# Kooinda Pale Ale



## outbreak (22/5/11)

I was at a certain Perth "small bar" last night, and was thrilled to see that they had Kooinda Pale ale in bottles. My mate went to the bar and ordered 3 and,the, barman upturned the bottles three or four times and suspended the yeast as most people do with coopers. Now I would imagine they would be using Wyeast American ale or similar which you really don't want to be suspended in your beer. The beer was disappointing but its only because of the barman. Reason for my post is tha I just wanted to check if I was missing something and the people at Kooinda want the yeast to be suspended.


----------



## Amin (22/5/11)

The Freo Doctor has it if you want to try it without agitating the yeast, bought some last night. Arundel st Fremantle.


----------



## Cocko (22/5/11)

Its US05/1056 and should not be agitated... in fact quite the opposite, it should be poured clear from the bottled yeast.
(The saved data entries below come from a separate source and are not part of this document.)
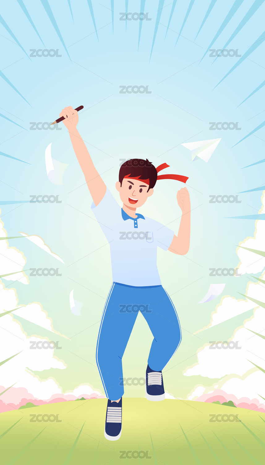 高考倒计时学生欢乐跳跃插画考试加油海报
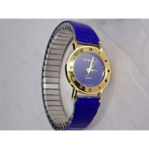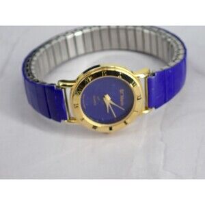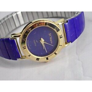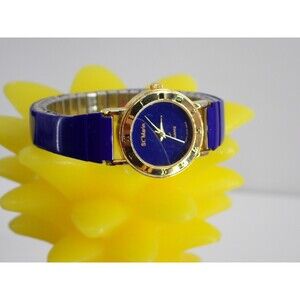St. Marin Watch Cobalt Blue Band Gold Bezel Blue Dial WORKS New Battery VTG
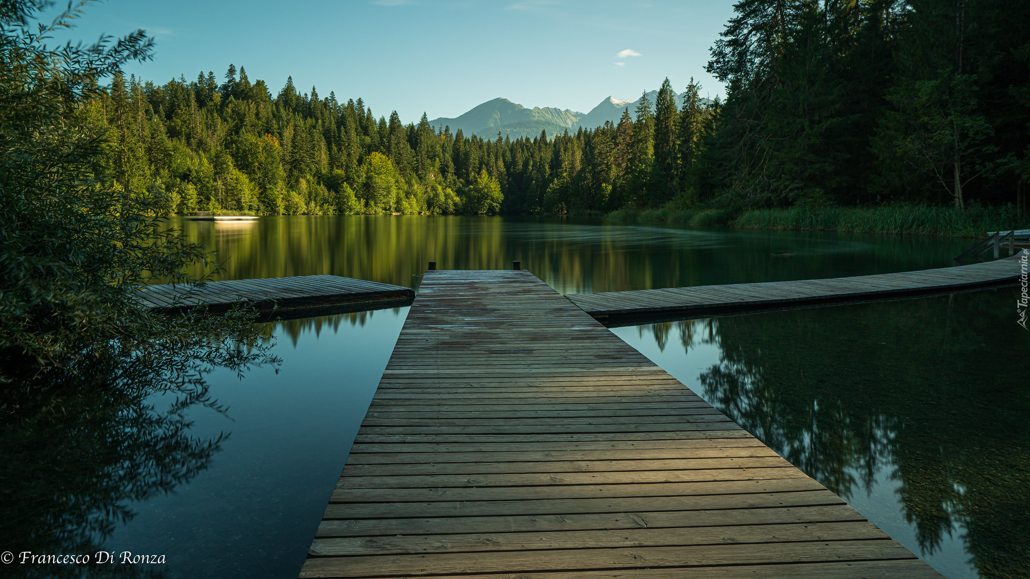 Edytor tapety: Pomosty nad jeziorem i wierzchołki gór w tle
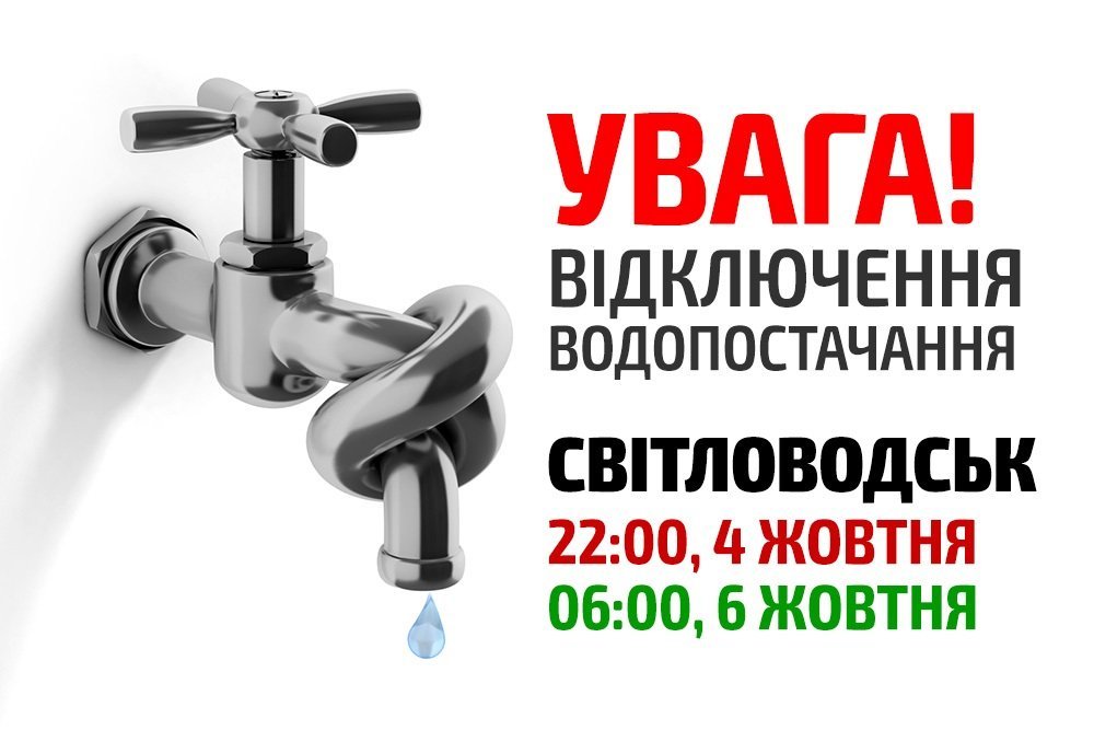 Світловодськ залишиться без води на 32 години. Про це на своєму офіційному сайті повідомляє обласне комунальне невиробниче підприємство «Дніпро-Кіровоград». Відключення відбудеться з 22:00 4 жовтня по 06:00 6 жовтня.
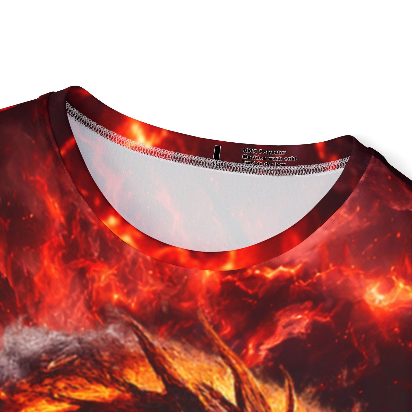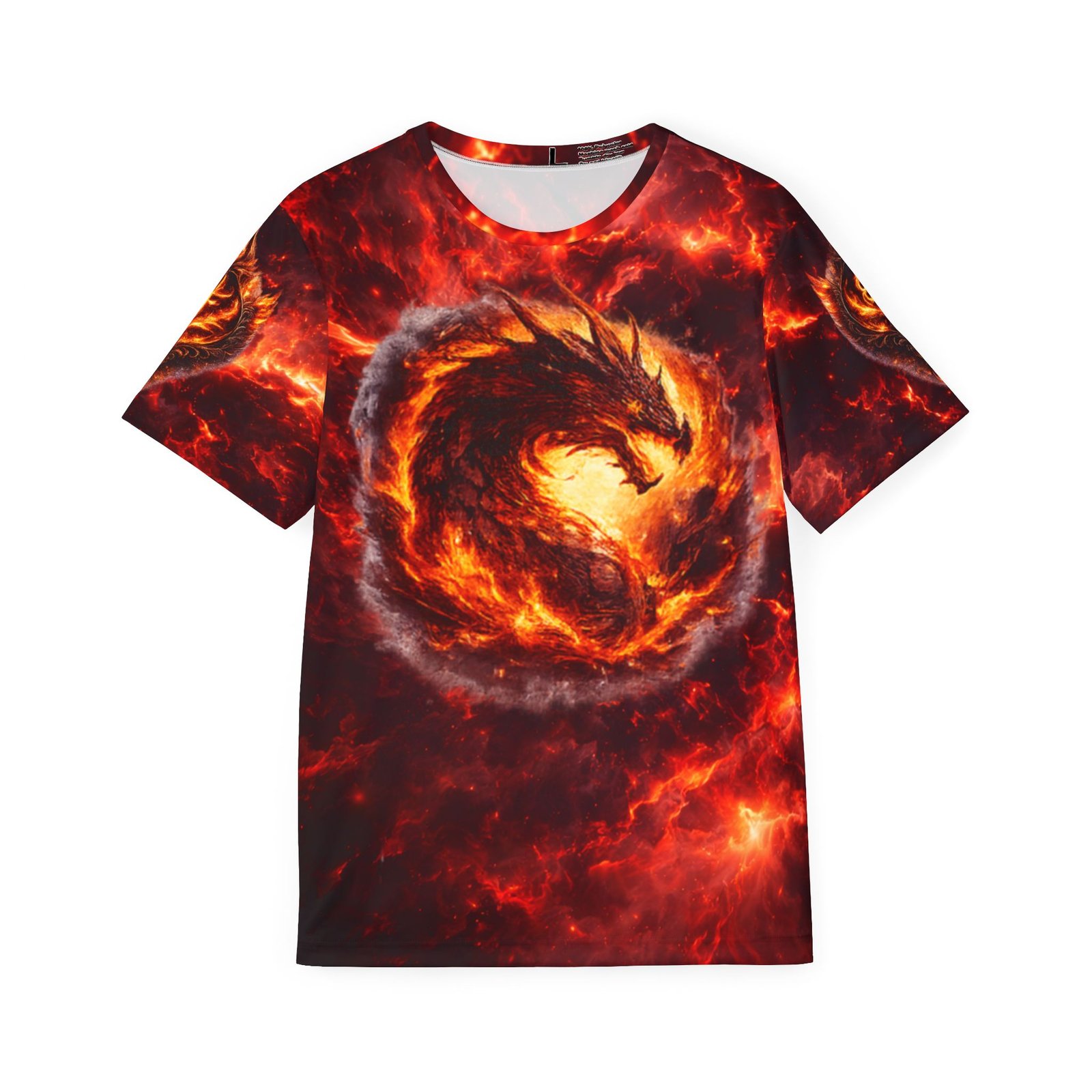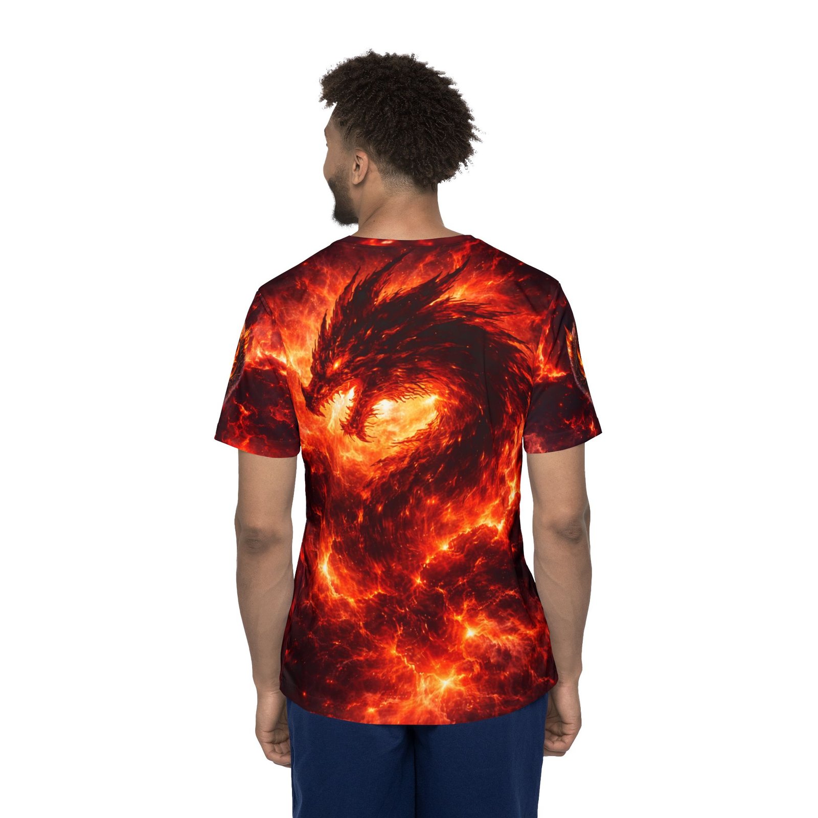 This all-over-print sports jersey brings molten energy to your active wardrobe. A swirling fire-drake motif wraps the front and back in deep reds, ember-gold highlights, and smoky contrasts — made to move with you whether you’re training, gaming, or heading out with friends. The lightweight, moisture-wicking polyester keeps you cool through intense sessions while the ribbed collar and armholes stretch on and spring back for a comfortable, classic fit. Bright, durable printing preserves the dramatic colors so the design stays vivid wash after wash. Wear it when you want bold, kinetic style that reads as fierce confidence rather than background noise.

Tell that barmen to cease ruining a great beer with his lack of knowledge and craving to be cool!

If I was you, I would try it again, properly, and take that second time as your first tasting.

2c.


----------



## outbreak (22/5/11)

Ill be sure to try it again, I was certain he did the wrong thing. I will send Kooinda an email to, its not good business if you have someone serving your product wrong.


----------



## manticle (22/5/11)

Just Pm fents.

I don't like any rolling of any beer - if barman rolls my Coopers, I'll ask for another one.

kooinda is a lovely beer. Definitely one of the better attempts at a US style pale from an Australian brewery.


----------



## felten (22/5/11)

They scored two bronzes at the AIBA too, good on them.


----------



## Cocko (22/5/11)

manticle said:


> Just Pm fents.



Sorted. :drinks:


----------



## Fents (23/5/11)

That is ridiculous. Thanks for the heads up outbreak, they will recive a phone call later today.


----------



## Wolfy (23/5/11)

outbreak said:


> Reason for my post is tha I just wanted to check if I was missing something and the people at Kooinda want the yeast to be suspended.


No, you just had a barman who had no idea what he was doing.
If someone tried to do that for me (with Coopers or any beer) I'd not be accept the beer, but at least its not that hard for them to give you one directly from the fridge.


----------



## outbreak (23/5/11)

Wolfy said:


> No, you just had a barman who had no idea what he was doing.
> If someone tried to do that for me (with Coopers or any beer) I'd not be accept the beer, but at least its not that hard for them to give you one directly from the fridge.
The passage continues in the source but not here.